This is how their relationship looks like. My dad is always the quieter, meek, and more submissive one in the relationship,while my mom is the more fiery and dominant one, always the one who is leading the relationship. My mom will often find all sorts of flaws in my dad and criticized him non-stop, and my dad often end up getting annoyed by my mom's naggy behaviors. Growing up, I watched them getting into fights all the time. My dad is a huge workaholic so my mom often end up feeling neglected by my dad, she often criticized my dad for dedicating all his time to his work, and not dedicating enough time for family, and then she would start fights with him. Then my dad would get angry and yell back at my mom. My mom also often complains that my dad isn't romantic enough, isn't affectionate enough, and she would whine all day about how she regrets marrying him.
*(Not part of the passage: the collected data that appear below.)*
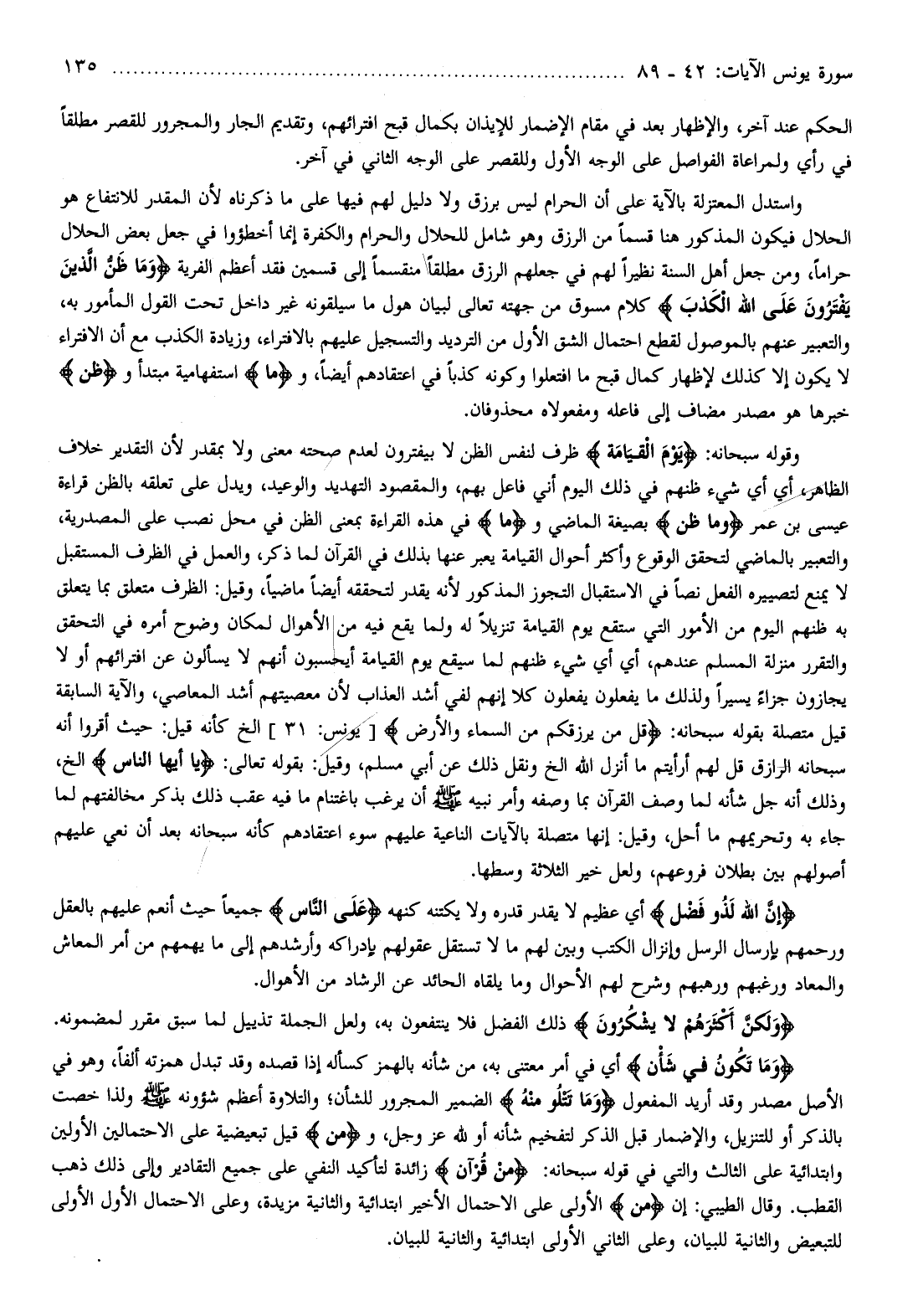 وقوله سبحانه: يَوْمَ الْقِيامَةِ ظرف لنفس الظن لا بيفترون لعدم صحته معنى ولا بمقدر لأن التقدير خلاف الظاهر، أي أي شيء ظنهم في ذلك اليوم أني فاعل بهم، والمقصود التهديد والوعيد، ويدل على تعلقه بالظن قراءة عيسى بن عمر وَما ظَنُّ بصيغة الماضي وما في هذه القراءة بمعنى الظن في محل نصب على المصدرية، والتعبير بالماضي لتحقق الوقوع وأكثر أحوال القيامة يعبر عنها بذلك في القرآن لما ذكر، والعمل في الظرف المستقبل لا يمنع لتصييره الفعل نصا في الاستقبال التجوز المذكور لأنه يقدر لتحققه أيضا ماضيا، وقيل: الظرف متعلق بما يتعلق به ظنهم اليوم من الأمور التي ستقع يوم القيامة تنزيلا له ولما يقع فيه من الأهوال لمكان وضوح أمره في التحقق والتقرر منزلة المسلم عندهم، أي أي شيء ظنهم لما سيقع يوم القيامة أيحسبون أنهم لا يسألون عن افترائهم أو لا يجازون جزاء يسيرا ولذلك ما يفعلون يفعلون كلا إنهم لفي أشد العذاب لأن معصيتهم أشد المعاصي، والآية السابقة قيل متصلة بقوله سبحانه: قُلْ مَنْ يَرْزُقُكُمْ مِنَ السَّماءِ وَالْأَرْضِ [يونس: 31] إلخ كأنه قيل: حيث أقروا أنه سبحانه الرازق قل لهم أرأيتم ما أنزل الله إلخ ونقل ذلك عن أبي مسلم، وقيل: بقوله تعالى: يا أَيُّهَا النَّاسُ إلخ، وذلك أنه جل شأنه لما وصف القرآن بما وصفه وأمر نبيه صلّى الله عليه وسلم أن يرغب باغتنام ما فيه عقب ذلك بذكر مخالفتهم لما جاء به وتحريمهم ما أحل، وقيل: إنها متصلة بالآيات الناعية عليهم سوء اعتقادهم كأنه سبحانه بعد أن نعي عليهم أصولهم بين بطلان فروعهم، ولعل خير الثلاثة وسطها.
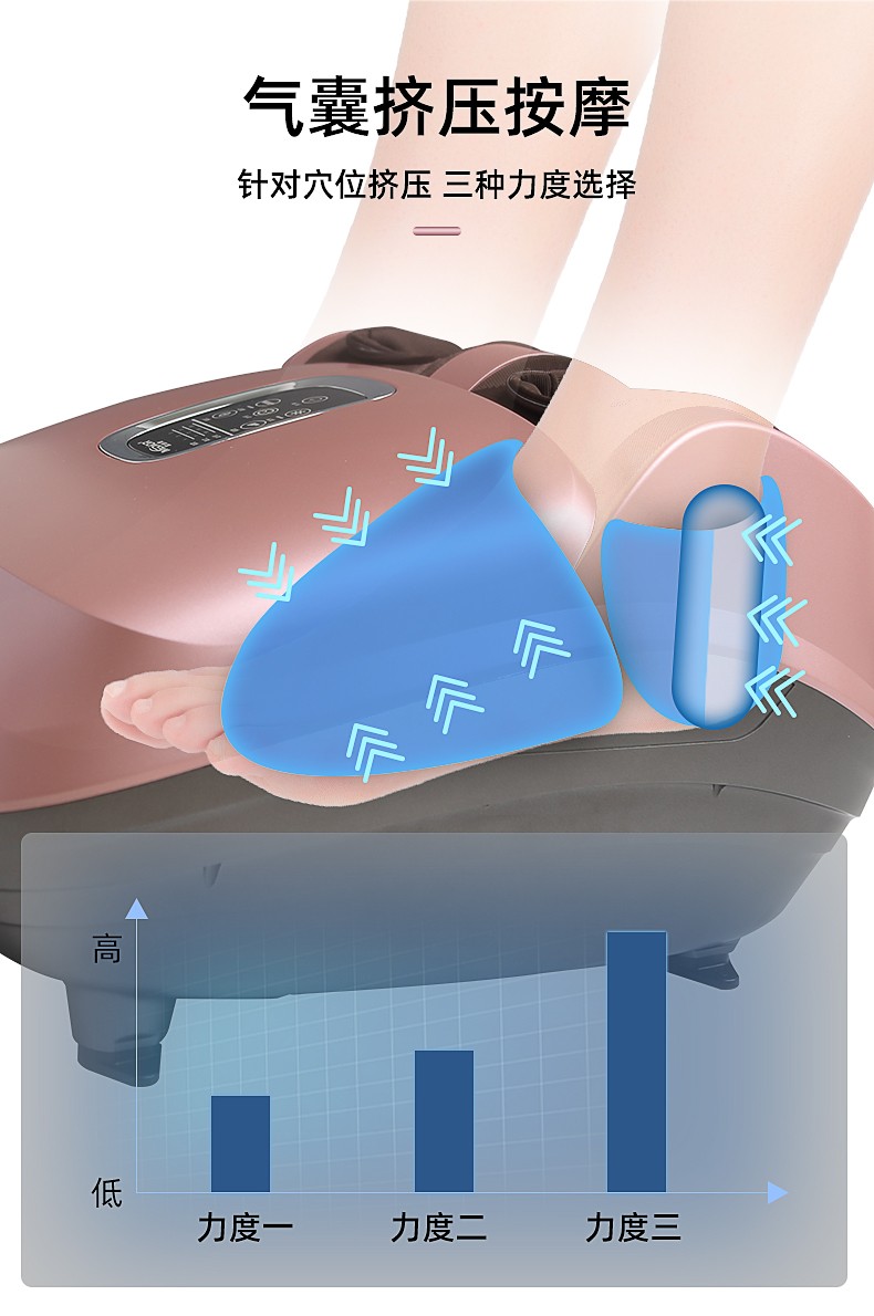 滾輪按壓(腳趾)、刮痧(腳弓)、捶打(腳后跟)按摩 (多模式,多強(qiáng)度);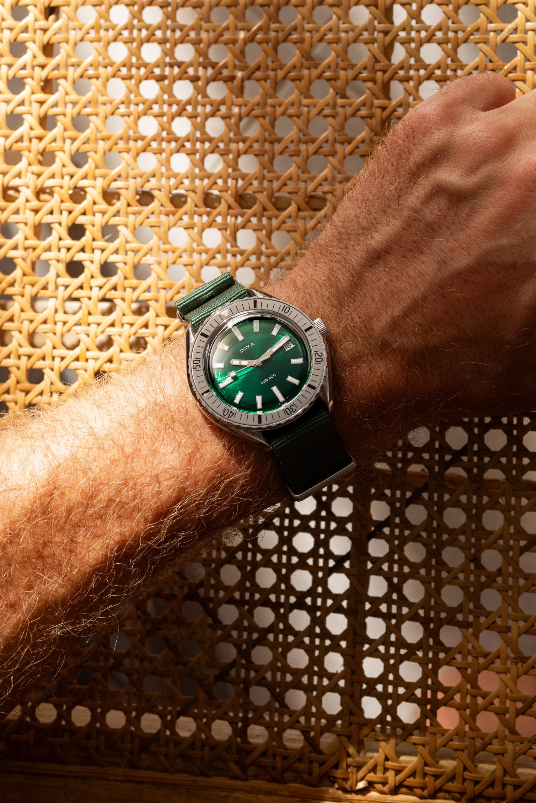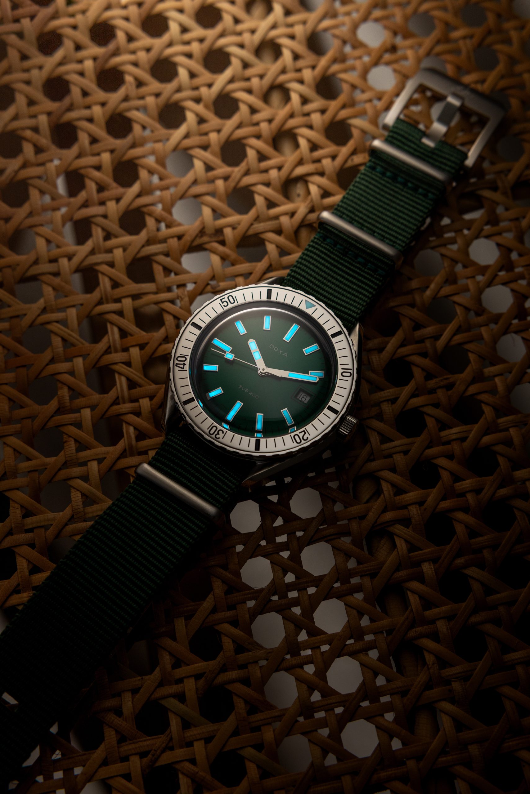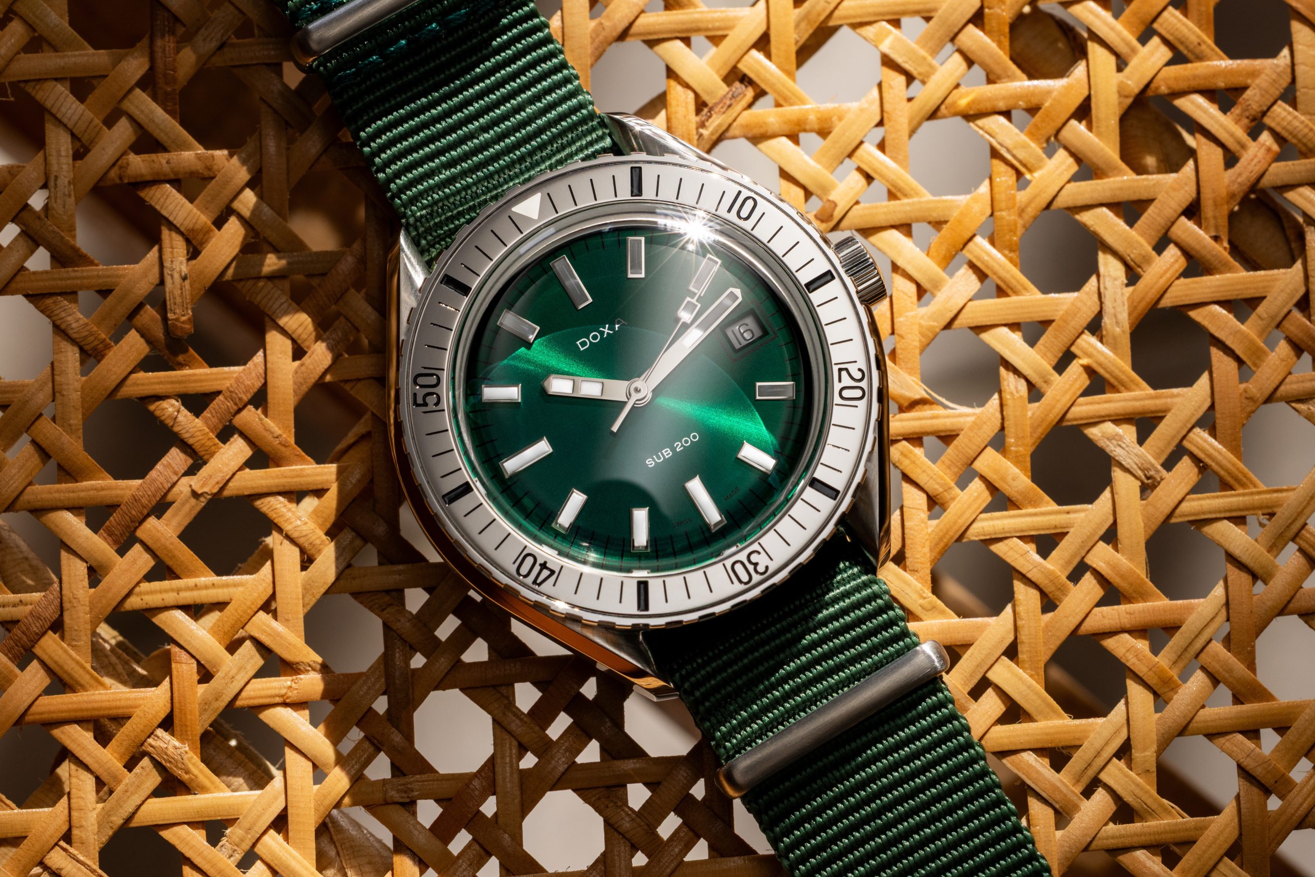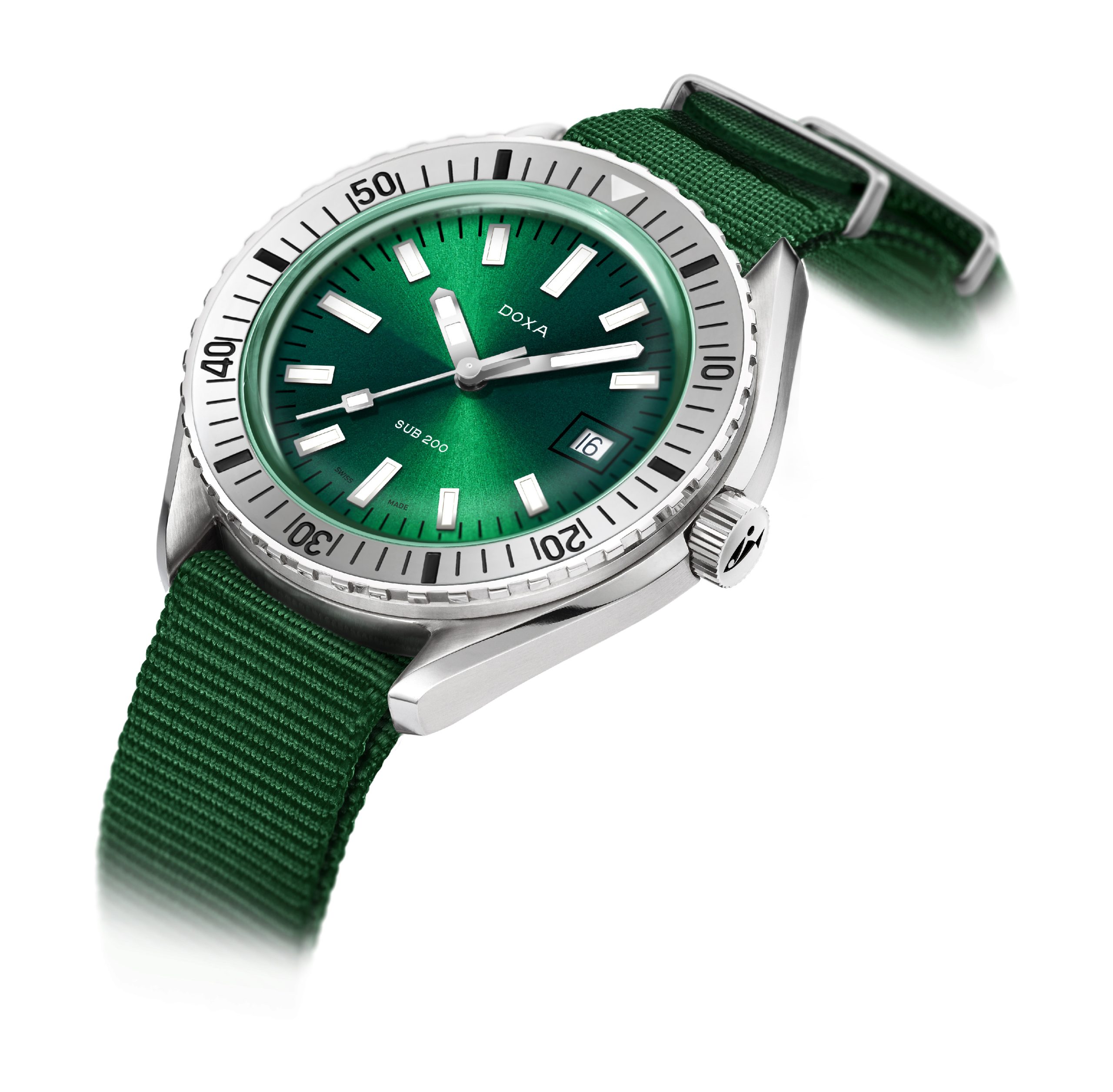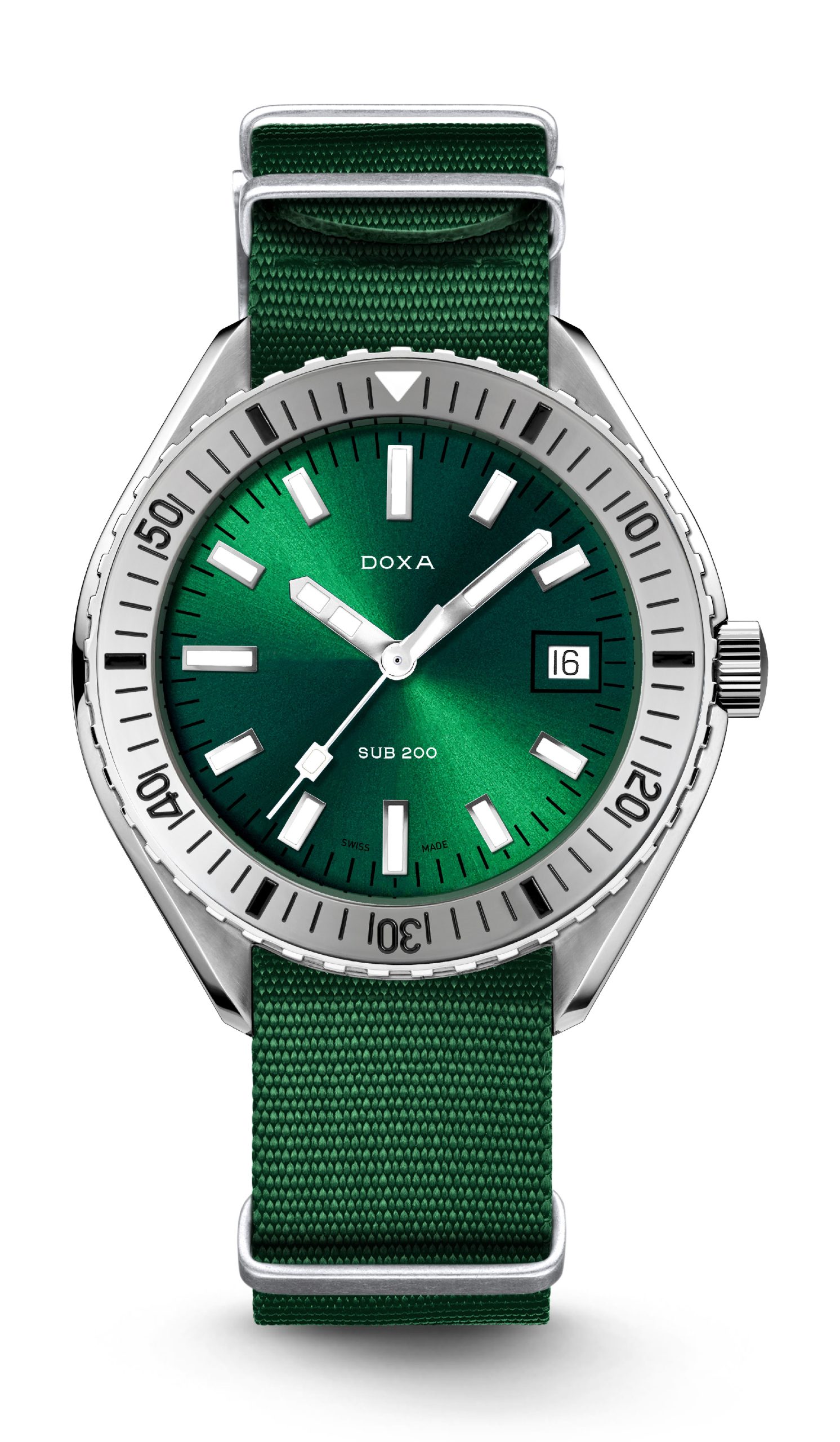 Available across all eight signature DOXA colorways, the new SUB 200 arrives on rubber, classic beads-of-rice stainless steel, or a NATO strap (exclusively for the Sea Emerald edition).

You know what happens when you put a cat and a dog together in the same place? Yeah so this is how their relationship looks like.
The two of them are constantly speaking in different languages. I can't count the number of fights they have, because it's too many. They seemed to get into a fight with each other every few weeks, and each time they fight with each other, it would be filled with violence. When I was a kid, I remembered feeling terrified that I would end up losing one of them one day. This is the sort of feeling that their relationship gave me. Growing up, I was always fearful that one of them might end up killing the other in a fight.


----------



## randomshoes (Dec 11, 2013)

Entropic said:


> It's interesting how supervision is at least based on these measly numbers, the most common relationship pairing thus far.


It really is interesting. I wonder what's up with that.


----------